What’s new in v0.2#
Added in version v0.2.
v0.2 brings MIME into full alignment with MADDENING v0.2.1 and lands the
two pieces of new architecture the v1.0 stack roadmap puts on the critical
path: multi-GPU sharding of the IB-LBM fluid node (the infrastructure
unblock for the de Boer step-out replication at scale) and the EffectModel
contract pilot (the first cut of the composable force-field-effect
abstraction). It also adopts the v0.2 node-API surfaces — halo_width(),
the static_data channel, compile-time edge validation — and folds in the
TF32 / float32 numerical-precision fixes.
Warning
MADDENING floor is now >=0.2.1,<0.3. The IB-LBM sharded path consumes
v0.2.1’s sharded-StaticArray slicing and domain_integral_fields, and
v0.2.1 escalates edge shape/dtype mismatches from warnings to a hard
ExceptionGroup of EdgeValidationErrors at compile(). Build a complete
boundary_input_spec() on custom nodes. See
Edge validation.
The CHANGELOG.md
has the itemised diff. This page is the narrative summary.
Highlights#
Multi-GPU IB-LBM sharding#
IBLBMFluidNode now runs pencil-decomposed across devices via MADDENING
v0.2.1’s ShardedStencilNode. The full multi-device update_padded is
implemented (it previously raised NotImplementedError): collision runs on
the halo-padded slab, streaming switches from the periodic jnp.roll to a
slice-based halo read (d3q19.stream_padded), the pipe-wall and rotating-UMR
missing-link masks are recomputed per slab (bounce_back.compute_missing_mask_sharded),
the UMR body and its rotation-velocity field are rebuilt on each slab’s
global coordinate range (an origin offset threaded through the geometry
helpers and the momentum-exchange torque), and drag_force / drag_torque
are declared domain_integral_fields so the wrapper lax.psums the per-slab
partial sums across the mesh.
Construct the node with multigpu_shard_axis=<spatial axis> and wrap it in
ShardedStencilNode(node, mesh, axis_map={"devices": <axis>}, boundary="periodic").

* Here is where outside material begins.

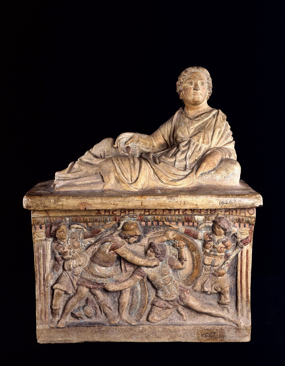 File Arte Etrusca Urna Cineraria In Terracotta Con Policromia Forse Autentica 150 Ac Ca 02 Jpg Wikimedia Commons

The pipe wall is the only sharded StaticArray (it is axis-aligned (nx,ny,nz));
the missing-link masks are recomputed per slab rather than carried as a
transposed (19, …) static, which the wrapper’s shard-axis check rejects.

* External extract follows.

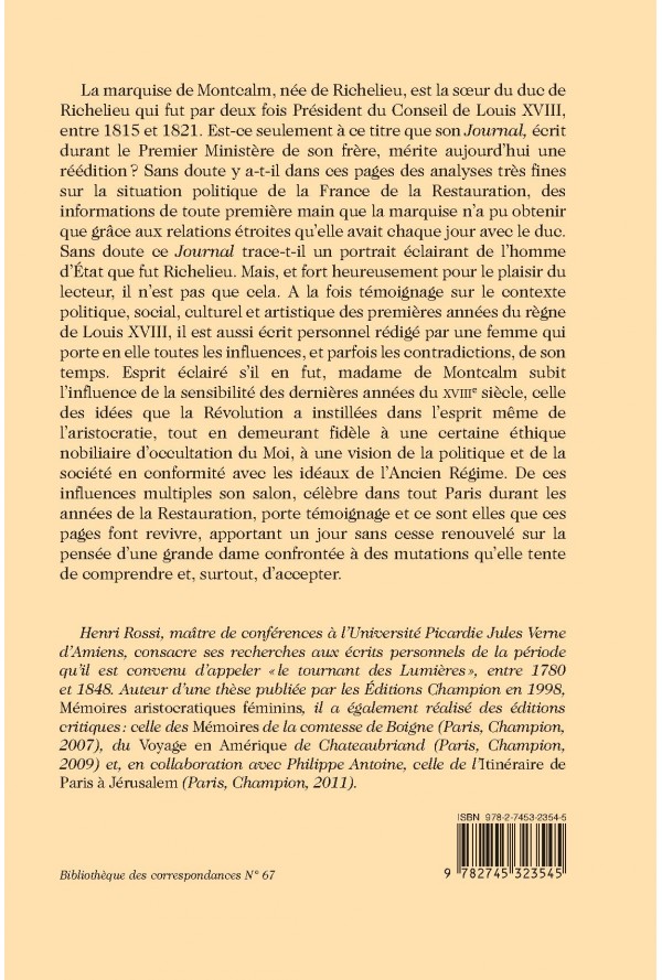 La marquise de Montcalm, née de Richelieu, est la sœur du duc de Richelieu qui fut par deux fois Président du Conseil de Louis XVIII, entre 1815 et 1821. Est-ce seulement à ce titre que son Journal, écrit durant le Premier Ministère de son frère, mérite aujourd’hui une réédition? Sans doute y a-t-il dans ces pages des analyses très fines sur la situation politique de la France de la Restauration, des informations de toute première main que la marquise n’a pu obtenir que grâce aux relations étroites qu’elle avait chaque jour avec le duc. Sans doute ce Journal trace-t-il un portrait éclairant de l’homme d’État que fut Richelieu. Mais, et fort heureusement pour le plaisir du lecteur, il n’est pas que cela. A la fois témoignage sur le contexte politique, social, culturel et artistique des premières années du règne de Louis XVIII, il est aussi écrit personnel rédigé par une femme qui porte en elle toutes les influences, et parfois les contradictions, de son temps. Esprit éclairé s’il en fut, madame de Montcalm subit l’influence de la sensibilité des dernières années du XVIIIe siècle, celle des idées que la Révolution a instillées dans l’esprit même de l’aristocratie, tout en demeurant fidèle à une certaine éthique nobiliaire d’occultation du Moi, à une vision de la politique et de la société en conformité avec les idéaux de l’Ancien Régime. De ces influences multiples son salon, célèbre dans tout Paris durant les années de la Restauration, porte témoignage et ce sont elles que ces pages font revivre, apportant un jour sans cesse renouvelé sur la pensée d’une grande dame confrontée à des mutations qu’elle tente de comprendre et, surtout, d’accepter.

Validated bit-identical to the single-device step under jit on a
4-device CPU virtual-device mesh — the distribution field and both psum’d
drag integrals, for a single step and a 50-step rotating trajectory
(tests/verification/test_lbm_sharded_contract.py, marked slow; run with
JAX_PLATFORMS=cpu XLA_FLAGS="--xla_force_host_platform_device_count=4").
Note
Two narrow pieces stay deferred: Bouzidi interpolated bounce-back on the
sharded path (needs per-slab SDF q-value recomputation; the node guards
use_bouzidi=True under sharding with a clear NotImplementedError), and
real multi-GPU-cluster validation of the de Boer sweep (the node-level
bit-compat on virtual devices is the infrastructure proof; cluster runs are a
separate hardware step).
EffectModel contract pilot (mime.effects)#
A new package introduces the EffectModel abstraction — a common builder
pattern for environment effects that deliver force/torque to a body
(per ADR-2026-EFFECT-MODEL). v0.2 ships the pilot: the Protocol surface,
the registry, the Experiment composition + validation, and the
HydrodynamicModel family. See
EffectModel contract.
Protocol surface —
EffectModel(coupling_ports/applicable_regime/build),SourcedEffectModel[S](covariant source TypeVar, for the v0.3 magnetic family),EffectHandle,CouplingSpec, and a polymorphicRegimeABC withHydrodynamicRegime.Registry —
@register_effect("Family.Backend")/list_registered_effects()/get_effect()(decorator-based and auditable; no importlib auto-discovery).Experiment—attach()/couple()/build()with a six-pass validation contract, each pass raising a specific typed error (CouplingError,PortTypeMismatchError,BodyPropertyMissing,MediumPropertyMissing,EffectBuildError), plus load-time MIME-version compatibility validation (IncompatibleMimeVersionError) and the version-and-provenance metadata fields (asset_paths/asset_hashes,benchmark_refs,citation).HydrodynamicModel—LBM/FVM/Stokeslet/DefectCorrectionbackends that adapt the existing fluid nodes over the shared drag contract, so one backend can be swapped for another across the same graph edges. The LBM backend carries the lattice→SI edge transforms; the others are SI.Runnable concept-proof —
test_effectmodel_stokes_drag_swapcomposes a kinematic sphere + a backend throughExperiment(driving it via composed external inputs), runs it, and reads the drag: the Stokeslet backend reproduces analytical Stokes drag (6πμaV) to ≈0.4%, and swapping a singleattach()line runs the FVM Navier–Stokes solver across the identical body/edges. (Free-space drag — the confined microrobot experiments need the v0.3 magnetic family + coupling composition.)Drag sign normalization — the raw fluid nodes disagree on sign (IBLBM and standalone Stokeslet report the reaction
+R·motion, which is anti-dissipative if a body adds it — a de-Boer UMR diverges without itsomega_maxclamp; FVM reports the force on the body). TheHydrodynamicModeladapter normalizes every backend to the contract sign (force on the body) vianative_drag_sign, so a swapped backend always delivers dissipative drag.Experiment.add_external_inputcomposes graph-external inputs (e.g. a kinematic body’s prescribed velocity).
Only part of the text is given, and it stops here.